Source information
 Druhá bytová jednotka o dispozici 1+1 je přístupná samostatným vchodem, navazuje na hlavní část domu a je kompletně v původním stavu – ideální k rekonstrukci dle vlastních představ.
---
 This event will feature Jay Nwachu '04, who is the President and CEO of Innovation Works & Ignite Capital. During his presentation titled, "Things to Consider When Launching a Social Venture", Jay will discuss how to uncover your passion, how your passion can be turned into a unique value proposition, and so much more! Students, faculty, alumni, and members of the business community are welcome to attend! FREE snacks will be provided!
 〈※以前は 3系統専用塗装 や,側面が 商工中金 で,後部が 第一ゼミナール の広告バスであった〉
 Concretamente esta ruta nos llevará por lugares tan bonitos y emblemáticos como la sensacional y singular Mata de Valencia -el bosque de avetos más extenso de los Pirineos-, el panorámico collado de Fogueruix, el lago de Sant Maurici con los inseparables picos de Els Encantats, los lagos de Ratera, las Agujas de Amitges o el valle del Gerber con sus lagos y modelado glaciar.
...
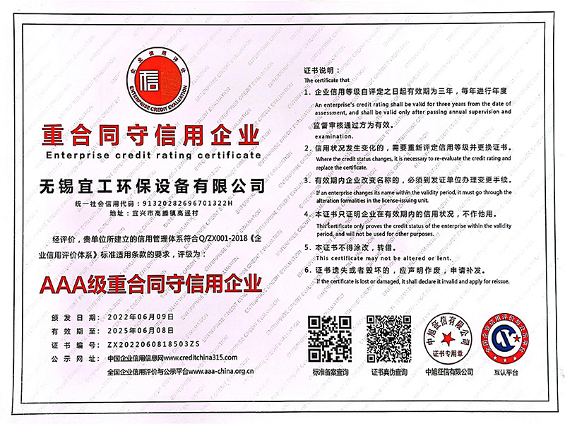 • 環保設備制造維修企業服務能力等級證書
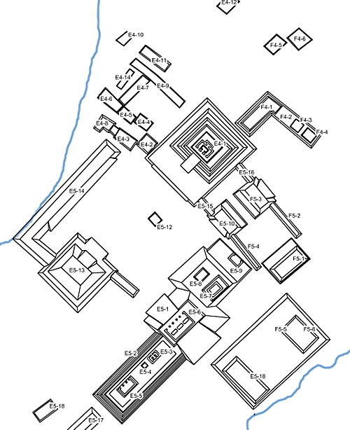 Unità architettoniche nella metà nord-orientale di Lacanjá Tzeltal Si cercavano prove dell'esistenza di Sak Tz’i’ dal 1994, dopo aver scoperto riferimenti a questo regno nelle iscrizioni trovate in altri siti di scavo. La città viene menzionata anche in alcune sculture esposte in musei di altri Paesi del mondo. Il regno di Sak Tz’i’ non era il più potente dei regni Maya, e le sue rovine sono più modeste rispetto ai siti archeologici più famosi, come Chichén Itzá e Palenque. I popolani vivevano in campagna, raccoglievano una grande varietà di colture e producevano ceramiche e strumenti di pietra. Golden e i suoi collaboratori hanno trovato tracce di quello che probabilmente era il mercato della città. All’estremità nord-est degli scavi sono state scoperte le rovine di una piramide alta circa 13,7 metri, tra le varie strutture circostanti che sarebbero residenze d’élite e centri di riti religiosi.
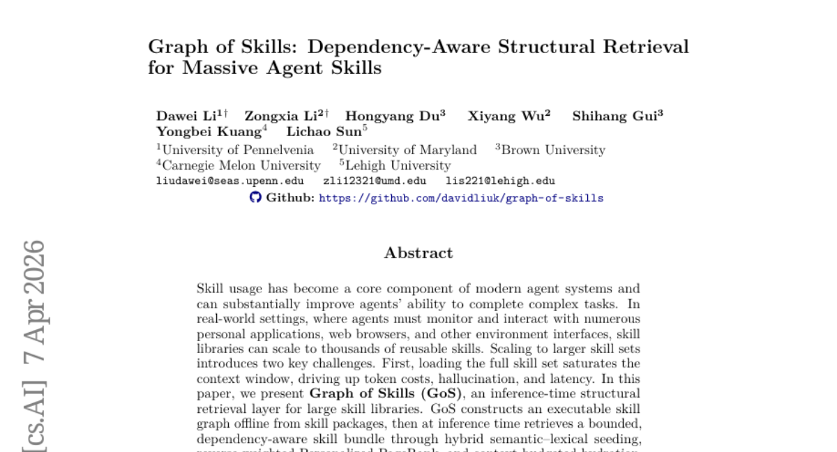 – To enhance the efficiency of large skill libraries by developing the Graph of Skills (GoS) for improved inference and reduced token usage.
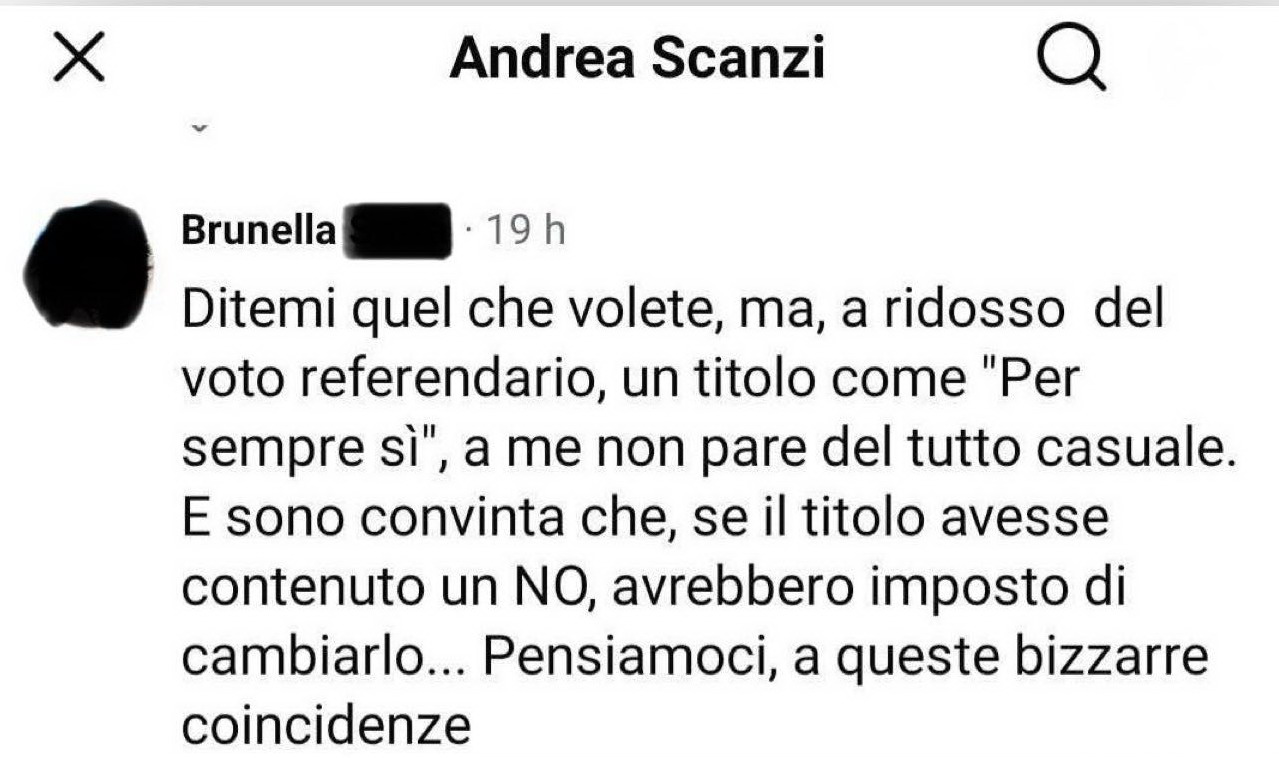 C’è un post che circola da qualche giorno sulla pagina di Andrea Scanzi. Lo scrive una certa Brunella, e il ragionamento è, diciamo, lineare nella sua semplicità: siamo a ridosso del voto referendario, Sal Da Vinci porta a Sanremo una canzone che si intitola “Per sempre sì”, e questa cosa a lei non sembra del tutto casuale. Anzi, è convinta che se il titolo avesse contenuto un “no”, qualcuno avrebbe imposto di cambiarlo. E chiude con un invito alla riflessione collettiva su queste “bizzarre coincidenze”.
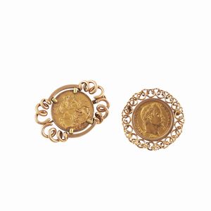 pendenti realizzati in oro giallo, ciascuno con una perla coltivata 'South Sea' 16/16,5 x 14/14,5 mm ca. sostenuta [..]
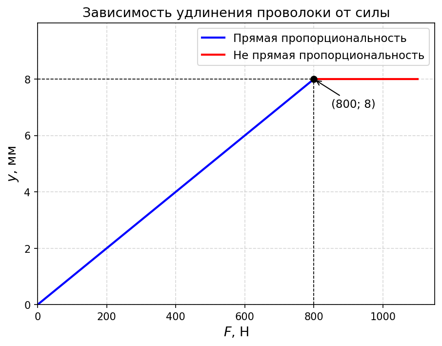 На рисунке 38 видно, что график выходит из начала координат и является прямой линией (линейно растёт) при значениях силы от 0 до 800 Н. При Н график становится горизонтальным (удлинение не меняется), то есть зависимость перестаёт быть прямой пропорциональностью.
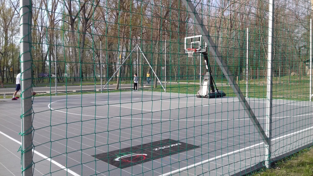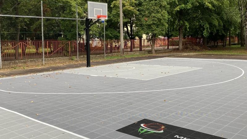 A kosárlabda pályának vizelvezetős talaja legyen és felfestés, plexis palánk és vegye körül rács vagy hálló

What is expected
Reproduce the data above exactly, but only the lines from the one showing "На рисунке 38" through the one showing "A kosárlabda pályának", with both ends kept and the pictures left out.

Reply to the exercise
 На рисунке 38 видно, что график выходит из начала координат и является прямой линией (линейно растёт) при значениях силы от 0 до 800 Н. При Н график становится горизонтальным (удлинение не меняется), то есть зависимость перестаёт быть прямой пропорциональностью.
 A kosárlabda pályának vizelvezetős talaja legyen és felfestés, plexis palánk és vegye körül rács vagy hálló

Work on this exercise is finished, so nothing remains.